- ENTRIES SUPPLIED -
□ □ □ □ □

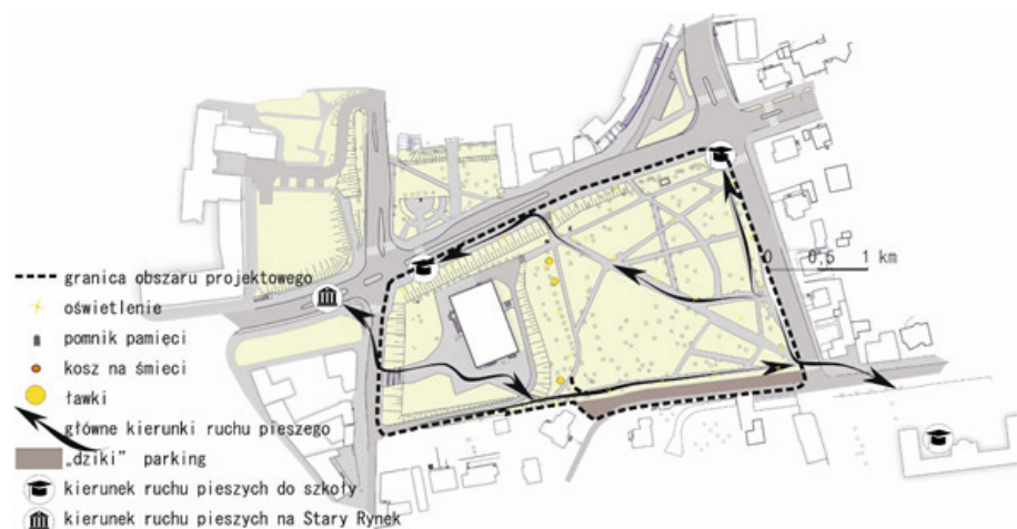
Ryc. 2. Analiza stanu zagospodarowania obszaru projektowego
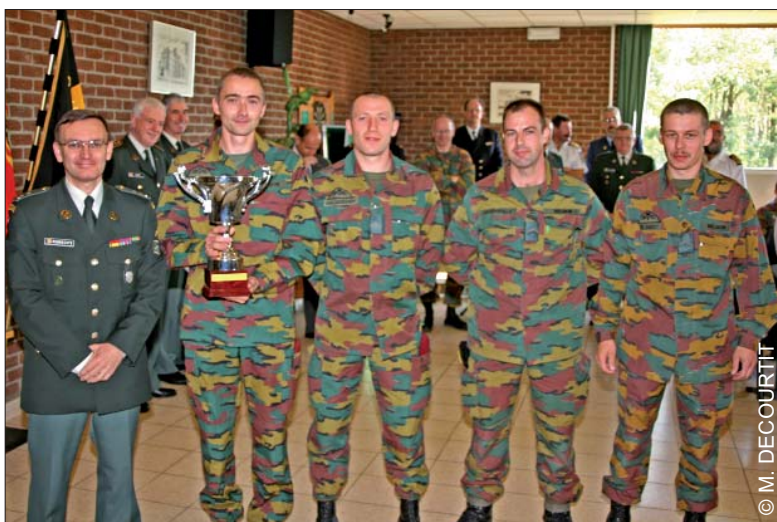
Le Lieutenant-colonel BEM J. ROBRECHTS, Comd Kamp BEVERLO, remet le Prix du Commandant de la Composante Terre à l'équipe AESOR

1. Gent - 2. AESOR - 3. Limburg 2 - 4. Waasland - 5. Vlaams Brabant 2
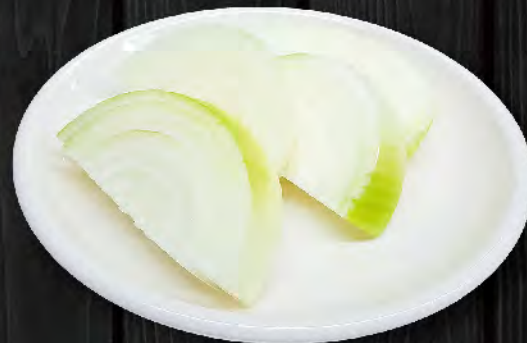
玉ねぎ 300円 (税込330円)
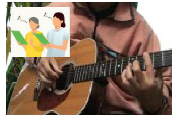
ギター生演奏と合唱
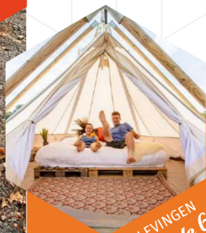
BELEVINGEN Bladzijde 69
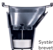
Système de flotteur breveté
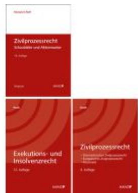
PAKET: Zivilprozessrecht 4.Auflage+ Zivilprozessrecht Schaubilder und Aktenmuster 14.Auflage+ Exekutions-und InsolvenzR 12.Auflage Ladenpreis: 124,20EUR
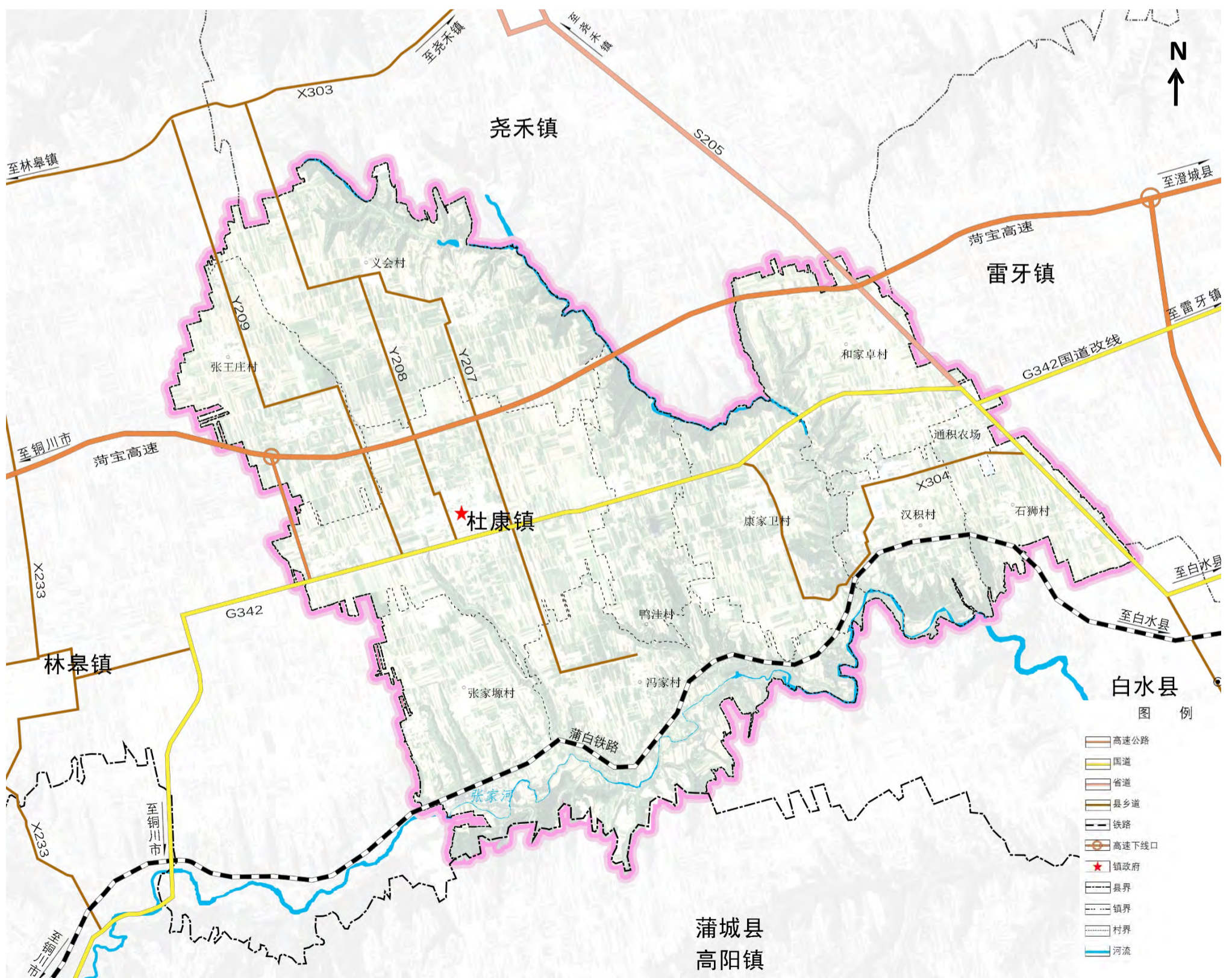
全域综合交通规划图

城乡公交 推进杜康镇与白水县城区客运的公交化运营，规划沿G342形成与杜康镇、雷牙镇、林皋镇及白水中心城区有效联络的旅游公交环线。
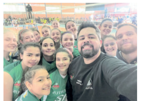
Infantil ficou em 5º lugar da Bronze
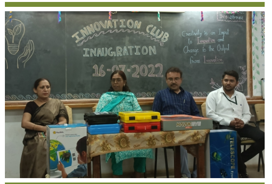
ઈનોવેશન ક્લબ ઉદ્ઘાટન
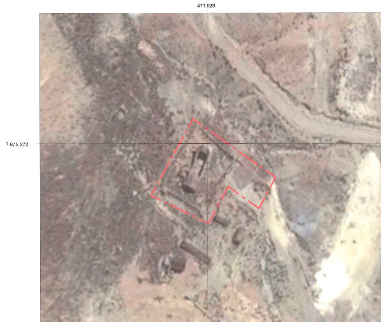
PLANO DE UBICACIÓN ESCALA GRÁFICA
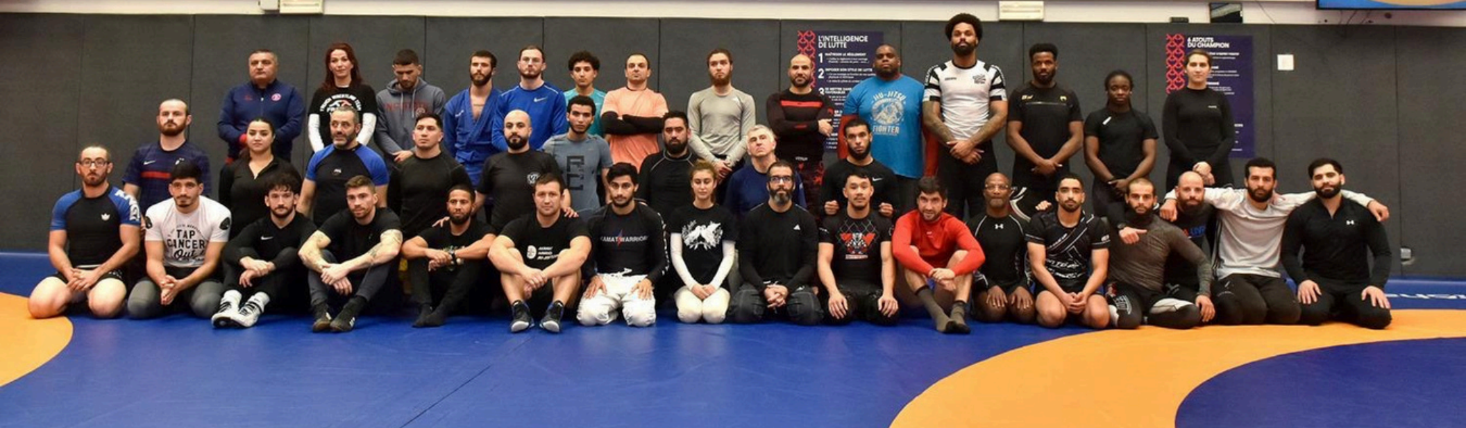
Partenaires du Comité régional d'Île-de-France de lutte et disciplines associées
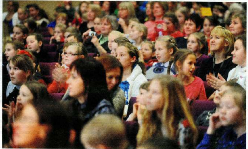
Latvijas Nacionālās bibliotēkas Bērnu literatūras centra rīkotajā lasīšanas veicināšanas programmā "Bērnu, jauniešu un vecāku žūrija" iesaistījušies tūkstošiem dalībnieku visā Latvijā.
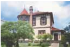
弘前学院外人宣教師館

弘前学院大学は、3学部4学科および大学院2研究科を有する総合大学です。清新で専門性の高い教育と研究を通して幅広い文化の創造、保健医療福祉の向上のために、地域や国際社会で活躍できる人材を育成します。
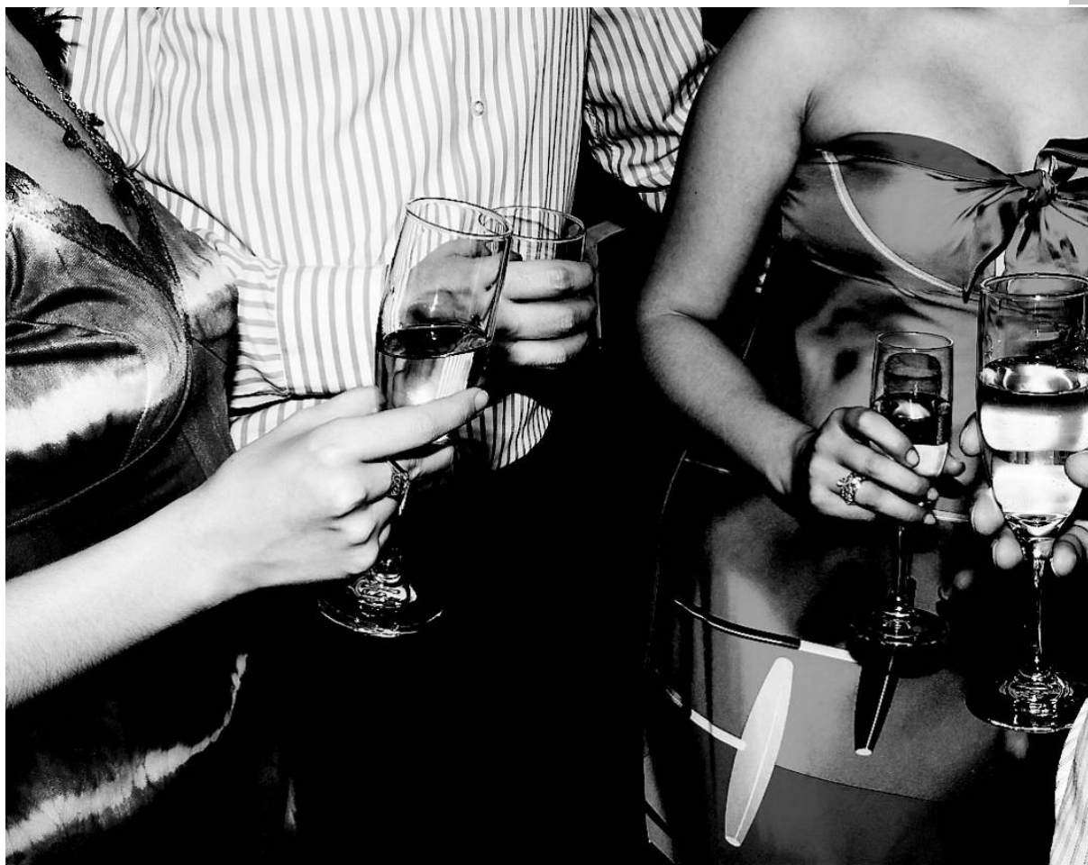
I New York är man alltid på jakt efter nya och ovanliga festlokaler.

Allt om mat till barnen från kalas till vardag • www.tasteline.com/barnochfamilj
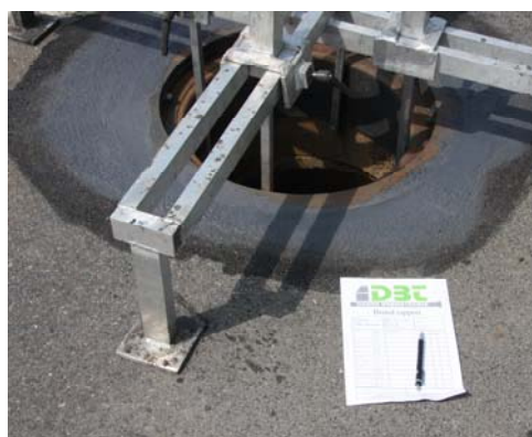
Den flydende karm monteres og faststøbes med bitulan, brøndrapport udfyldes
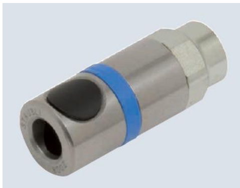
Figura 2. Enchufe rápido RCS06 Staübli o equivalente con tecnología antilatigazo.

Cualquier necesidad de salirse de estos requerimientos deberá ser sometida a aprobación por parte de Metro de Madrid, mediante la provisión de un informe justificativo en el que también se indiquen las alternativas.
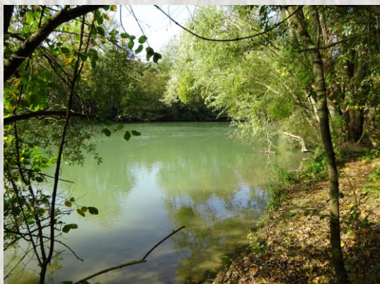
La Marne

Ce remarquable musée ouvert en 2011, présente l'originalité d'être plus un lieu de compréhension que de recueillement. Une mise en regard des batailles de la Marne de 1914 à 1918 montre les bouleversements qui ont fait passer le monde du XIX ème au XX ème siècle. Le musée renvoie aussi vers les sites du nord seine-et-marnais où subsistent des témoignages de la Première Guerre mondiale.
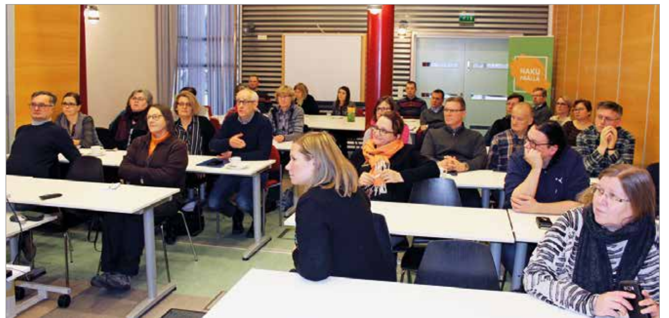
Miniseminaariin osallistui noin kolmekymmentä henkilöä.
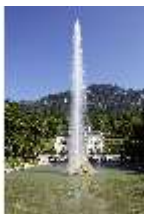
Lin.V, Hauptfassade mit Wasserparterre und Flora-Brunnen, DI027036, BSV-
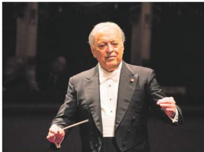
CON LA FILARMONICA Il direttore d'orchestra Zubin Mehta ieri ha firmato l'ultima replica di Traviata
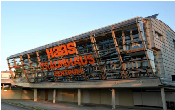
Bild 5b_ Haas Traumhauszentrum Großwilfersdorf

Das Haas Kundenforum ist täglich für Interessierte und Kunden geöffnet. Die Öffnungszeiten sind online unter https://www.haas-fertigbau.de/unternehmen/haas-vor-ort abrufbar.
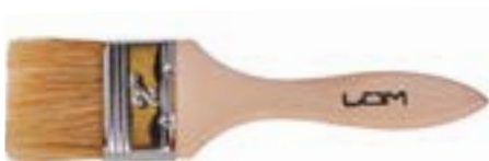
Кисть плоская LOM (деревянная рукоятка)
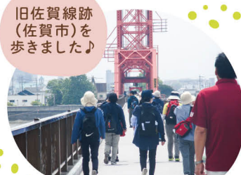
旧佐賀線跡 (佐賀市)を歩きました!

また、福富地域には9つの地区ごとに伝承されている浮立があり、地元の小学生が夏休みに練習して披露する「子ども浮立大会」が毎年8月25日に開催されます。この行事は50年
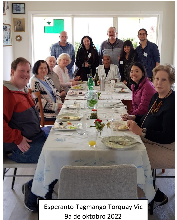
Esperanto-Tagmango Torquay Vic 9a de oktobro 2022
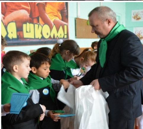
Фото с семинара педагогов

Все силы и знания посвятить охране природы и восстановлению леса.
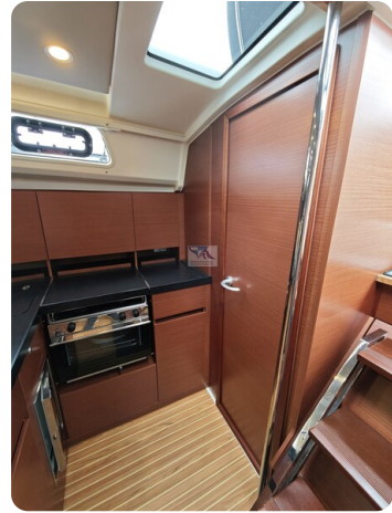
Hanse 418 EDGE 39
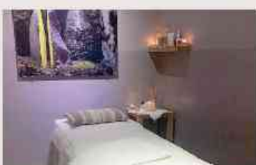
● Dolomitic Water Wellness Corner

□ □ □ □ □

Skip the pictures; extract only the lines from the line with "Esperanto-Tagmango Torquay Vic" through the final line of the material, exactly as they appear.

Esperanto-Tagmango Torquay Vic 9a de oktobro 2022
Фото с семинара педагогов

Все силы и знания посвятить охране природы и восстановлению леса.
Hanse 418 EDGE 39
● Dolomitic Water Wellness Corner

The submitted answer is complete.